Dease, who is also part of the denomination’s social justice arm, the General Board of Church and Society, had heard about Reset the Table and participated earlier this year in an interfaith training session for the clergy of the southeastern states. After concluding, he chose a group of fellow pastors (some liberal, some conservative) from his own denomination to deepen the practice.
An initial session last month asked participants to talk about formative life experiences. He then asked the clergy to complete a survey of their beliefs, which the facilitator used to gauge broad areas of disagreement. During the next session, people of different opinions were paired into smaller groups.
Table-setting techniques are based on a practice known as “transformative mediation.” Unlike traditional mediation, which aims to resolve disputes by reaching mutually acceptable solutions, transformative mediation seeks to equip people with the skills to see and understand the other person’s point of view so that they are more willing to relate respectfully.
The idea, said Eyal Rabinovitch, with Weintraub a founding co-executive director of Resetting the Table, is to disarm the destructive powers of conflict.

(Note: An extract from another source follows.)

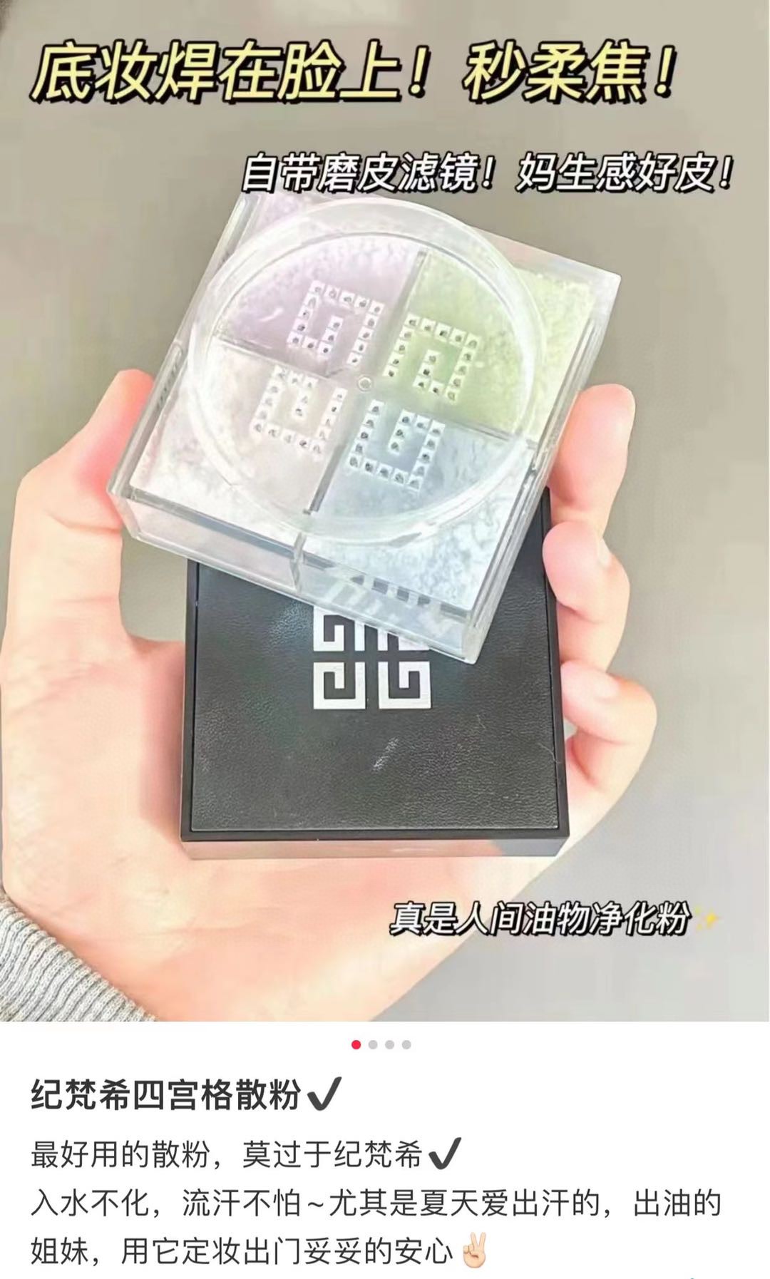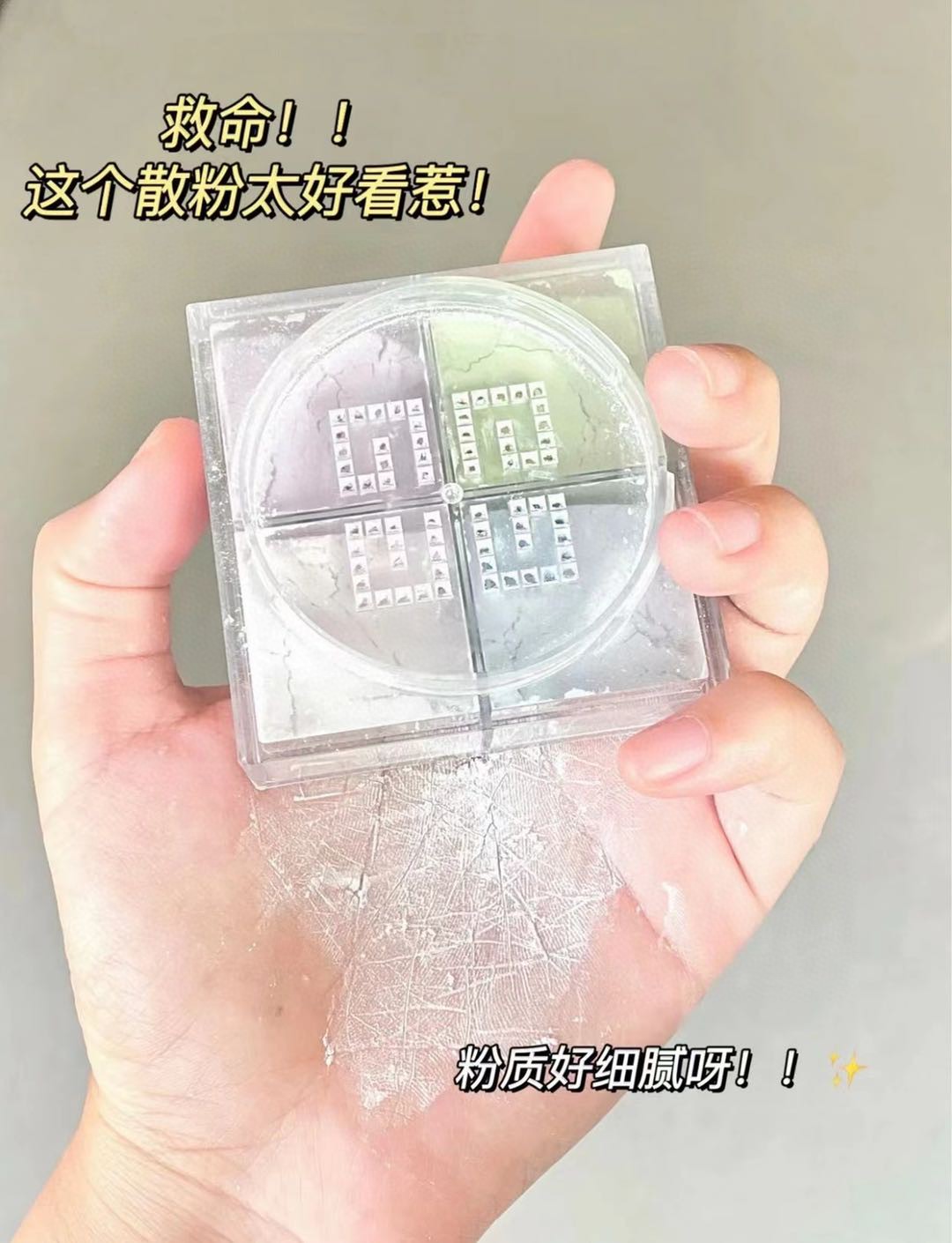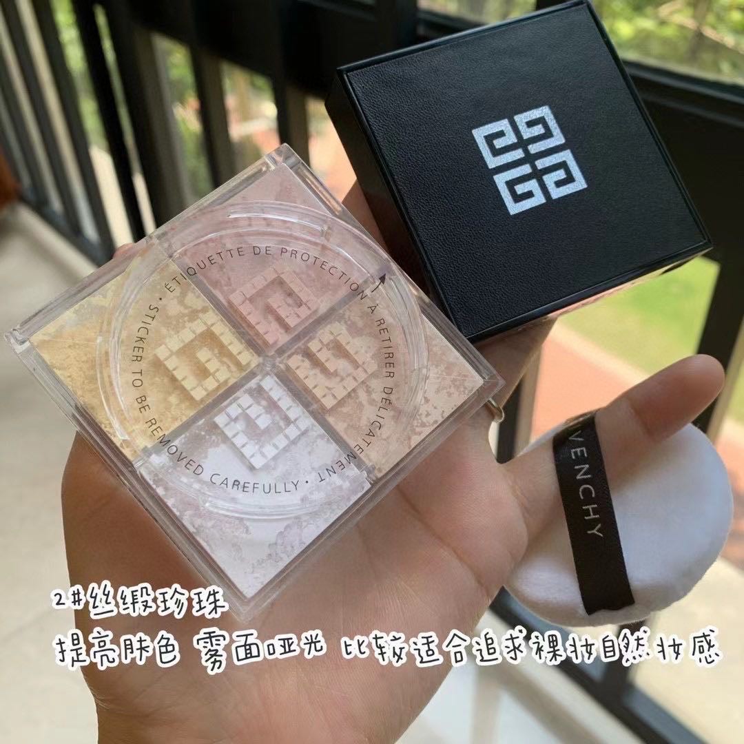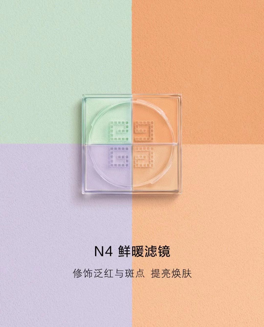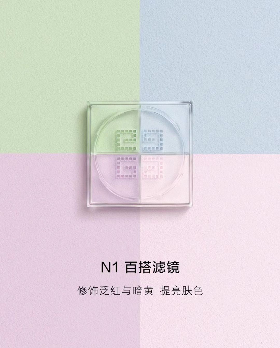 它是绿色十蓝色十紫色+白色。白色提亮,紫色提升气色,蓝色绿色修正肤色,偏白跟黄皮的肤色都非常适用!有了它还怕什么脱妆脸上的油一滴不剩都被它吸走了!纪纪梵希散粉可以算得上散粉界的扛把子了!粉质细腻丝滑压在脸上立刻哑光感觉脸蛋毛茸茸的~滑滑的摸着好酥服呀~而且1号色是无闪的,适合喜欢哑光丝绒感的妹子哦~

“One of the best ideas in the world of trauma therapy is that people are their most receptive selves when they are seen the way they want to be seen,” Rabinovitch said. “We want people to say, ‘Yes, that’s exactly me.’ That makes all the difference in producing receptivity. A lot of change can happen right now.”
When differences arise, participants are asked to slow down the conversation, stop their own reactions, and listen carefully. They are asked to look for “meaning indicators,” words or expressions that convey particular passions. They are then asked to relate what they heard the speaker say and to ask if their restatement is correct.
The training was powerful for an evangelical church in Lynchburg, Virginia, which signed up 15 members to participate in a training session in April. Mosaic, a small church that meets in a shopping mall, had experienced disagreements over pandemic closures. Some members left. Others harbored resentments over the church’s willingness to follow government-issued mandates that they saw as an infringement on their liberties.
“I was fascinated to learn that on some issues it was very easy for me to have a very fixed view and not have a generous interpretation of what the other individual believes,” said Ron Miller, a Mosaic Church elder who works as online dean for the School of Government of the University of Liberty. “The idea of looking at the other side of the issue and interpreting it more generously is a game changer if we apply it as a daily discipline.”
Miller is now working with Resetting the Table to convene a training for Lynchburg clergy this fall. He believes that internships can also be useful for Liberty University employees.
Rabinovitch acknowledged that clergy with large public platforms and followers who depend on their extreme positions are unlikely to want to participate because doing so requires a degree of vulnerability. But they say most people yearn to communicate better.
Jeff Nitz, an elder at Mosaic Church, said the work could save society from a growing cycle of mutual distrust.
“It’s about reaching out to your neighbor,” he said. “We are not caricatures. We are real people. You can’t have that if you don’t listen to the other.”